Ferdinand de Lesseps was a potent combination of vision, pragmatism, and will. Without vision, Lesseps could never have turned a hundred-mile stretch of barely inhabited desert with no source of fresh water into a canal connecting the Mediterranean to the Red Sea. He could not have mobilized the leaders of Egypt, the financial elites of Europe, Napoleon III, and millions of French citizens to support his improbable scheme. He could never have dodged the opposition of the British government and its wily prime minister, Lord Palmerston, or the animosity of the Ottoman sultan and his ministers in Constantinople. Without pragmatism, Lesseps could never have organized a venture that required the largest jetty ever constructed and a decade of labor by tens of thousands of workers. He could not have convinced engineers to design machines to dredge the soil; he could not have set up a company to oversee the excavation of seventy-five million cubic meters of sand; he could not have maneuvered through the diplomatic shoals that constantly loomed. And without will, he could not have fended off others who wanted to claim the idea for themselves.

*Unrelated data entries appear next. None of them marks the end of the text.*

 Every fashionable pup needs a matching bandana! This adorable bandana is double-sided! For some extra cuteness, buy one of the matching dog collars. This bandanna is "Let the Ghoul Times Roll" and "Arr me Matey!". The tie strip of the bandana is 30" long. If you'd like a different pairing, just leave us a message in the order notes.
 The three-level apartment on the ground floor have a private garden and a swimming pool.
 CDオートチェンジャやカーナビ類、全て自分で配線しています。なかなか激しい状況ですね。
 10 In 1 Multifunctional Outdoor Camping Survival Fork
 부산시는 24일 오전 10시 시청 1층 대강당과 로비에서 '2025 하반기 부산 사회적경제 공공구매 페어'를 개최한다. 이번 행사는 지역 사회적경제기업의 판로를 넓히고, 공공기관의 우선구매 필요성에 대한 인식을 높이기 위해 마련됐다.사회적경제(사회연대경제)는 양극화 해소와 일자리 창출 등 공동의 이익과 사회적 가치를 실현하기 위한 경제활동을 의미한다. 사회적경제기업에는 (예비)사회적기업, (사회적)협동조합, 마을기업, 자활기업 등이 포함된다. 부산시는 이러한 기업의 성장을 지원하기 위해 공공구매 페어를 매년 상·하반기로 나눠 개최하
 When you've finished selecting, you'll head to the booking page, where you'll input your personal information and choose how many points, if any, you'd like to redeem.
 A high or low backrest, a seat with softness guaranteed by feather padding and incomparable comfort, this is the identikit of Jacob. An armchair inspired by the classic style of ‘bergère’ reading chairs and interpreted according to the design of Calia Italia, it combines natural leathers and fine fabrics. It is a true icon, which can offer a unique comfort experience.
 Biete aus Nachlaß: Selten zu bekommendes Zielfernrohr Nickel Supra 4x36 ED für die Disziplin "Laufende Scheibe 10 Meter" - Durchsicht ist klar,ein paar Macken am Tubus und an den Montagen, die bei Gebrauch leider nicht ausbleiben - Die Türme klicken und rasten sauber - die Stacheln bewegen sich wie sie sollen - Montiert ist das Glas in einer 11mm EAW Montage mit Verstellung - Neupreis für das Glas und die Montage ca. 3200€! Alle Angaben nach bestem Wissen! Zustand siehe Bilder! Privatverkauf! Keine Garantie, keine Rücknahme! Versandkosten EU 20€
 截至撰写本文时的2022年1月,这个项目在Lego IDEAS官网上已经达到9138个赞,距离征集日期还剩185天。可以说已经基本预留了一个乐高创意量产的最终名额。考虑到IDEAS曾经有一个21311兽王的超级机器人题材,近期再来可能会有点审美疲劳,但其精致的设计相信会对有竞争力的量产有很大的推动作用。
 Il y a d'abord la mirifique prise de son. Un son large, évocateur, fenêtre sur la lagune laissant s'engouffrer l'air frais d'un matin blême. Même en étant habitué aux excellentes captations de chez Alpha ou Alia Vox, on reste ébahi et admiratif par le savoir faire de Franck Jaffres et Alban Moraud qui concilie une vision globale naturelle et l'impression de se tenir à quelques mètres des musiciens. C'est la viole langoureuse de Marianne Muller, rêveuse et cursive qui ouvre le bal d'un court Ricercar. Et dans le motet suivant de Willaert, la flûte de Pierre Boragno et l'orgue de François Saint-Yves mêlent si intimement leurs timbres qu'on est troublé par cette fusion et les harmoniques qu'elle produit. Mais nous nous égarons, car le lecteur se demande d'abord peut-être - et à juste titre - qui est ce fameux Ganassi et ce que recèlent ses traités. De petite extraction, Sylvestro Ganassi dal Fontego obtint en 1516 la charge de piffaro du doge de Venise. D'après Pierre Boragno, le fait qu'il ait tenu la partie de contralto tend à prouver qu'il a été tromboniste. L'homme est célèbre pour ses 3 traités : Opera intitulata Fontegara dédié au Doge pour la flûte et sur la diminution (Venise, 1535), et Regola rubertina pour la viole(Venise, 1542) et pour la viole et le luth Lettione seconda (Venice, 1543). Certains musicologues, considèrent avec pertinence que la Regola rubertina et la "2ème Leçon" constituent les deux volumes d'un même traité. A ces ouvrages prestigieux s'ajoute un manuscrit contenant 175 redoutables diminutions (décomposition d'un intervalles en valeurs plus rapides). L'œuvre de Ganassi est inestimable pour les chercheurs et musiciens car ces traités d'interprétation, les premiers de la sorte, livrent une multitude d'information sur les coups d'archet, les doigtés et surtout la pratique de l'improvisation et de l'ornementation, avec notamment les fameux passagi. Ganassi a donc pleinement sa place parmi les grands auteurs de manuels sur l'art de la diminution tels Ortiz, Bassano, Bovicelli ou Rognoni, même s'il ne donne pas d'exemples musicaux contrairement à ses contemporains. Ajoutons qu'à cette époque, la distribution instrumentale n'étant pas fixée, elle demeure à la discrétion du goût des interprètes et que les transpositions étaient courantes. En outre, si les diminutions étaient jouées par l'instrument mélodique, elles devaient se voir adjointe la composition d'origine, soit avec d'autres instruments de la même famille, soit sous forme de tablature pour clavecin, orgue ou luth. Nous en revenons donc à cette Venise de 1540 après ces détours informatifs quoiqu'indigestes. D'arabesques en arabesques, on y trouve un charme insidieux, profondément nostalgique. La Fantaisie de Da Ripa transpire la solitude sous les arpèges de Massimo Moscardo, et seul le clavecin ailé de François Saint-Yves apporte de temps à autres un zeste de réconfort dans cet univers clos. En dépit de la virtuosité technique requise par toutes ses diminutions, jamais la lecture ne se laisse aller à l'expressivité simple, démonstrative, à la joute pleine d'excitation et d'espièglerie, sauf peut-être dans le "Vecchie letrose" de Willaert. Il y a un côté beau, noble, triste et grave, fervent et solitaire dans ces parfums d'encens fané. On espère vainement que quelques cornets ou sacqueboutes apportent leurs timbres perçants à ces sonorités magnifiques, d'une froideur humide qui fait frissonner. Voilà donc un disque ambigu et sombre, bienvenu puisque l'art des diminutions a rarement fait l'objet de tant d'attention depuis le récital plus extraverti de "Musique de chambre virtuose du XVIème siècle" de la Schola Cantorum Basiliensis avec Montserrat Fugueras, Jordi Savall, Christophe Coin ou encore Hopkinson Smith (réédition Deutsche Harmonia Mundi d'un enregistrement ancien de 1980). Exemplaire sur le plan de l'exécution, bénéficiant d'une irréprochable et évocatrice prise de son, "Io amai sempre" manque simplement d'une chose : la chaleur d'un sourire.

He was not alone, however. In antiquity, there had been canals linking the Red Sea to the Mediterranean-not direct ones, for the most part, but canals nonetheless, using the Nile to Cairo and a waterway from Cairo to the port of Suez. And when those fell into disuse and silted over, the memory of them remained, kept alive by travelers' tales and by European merchants looking for alternate sea routes that would make them rich and their nations strong.

The idea for the modern canal was born before Lesseps, at a decisive moment in modern Egyptian history, when Napoleon Bonaparte landed outside of Alexandria in 1798. He brought with him not just an army, but a team of scholars charged with studying the country so that the French could make maximal use of its resources. They knew of the old canals and hoped to dig another one, but an erroneous calculation by the leading surveyor set back plans for decades, until a group of engineers, led by a disciple of Henri de Saint-Simon, returned to Egypt thirty-five years later.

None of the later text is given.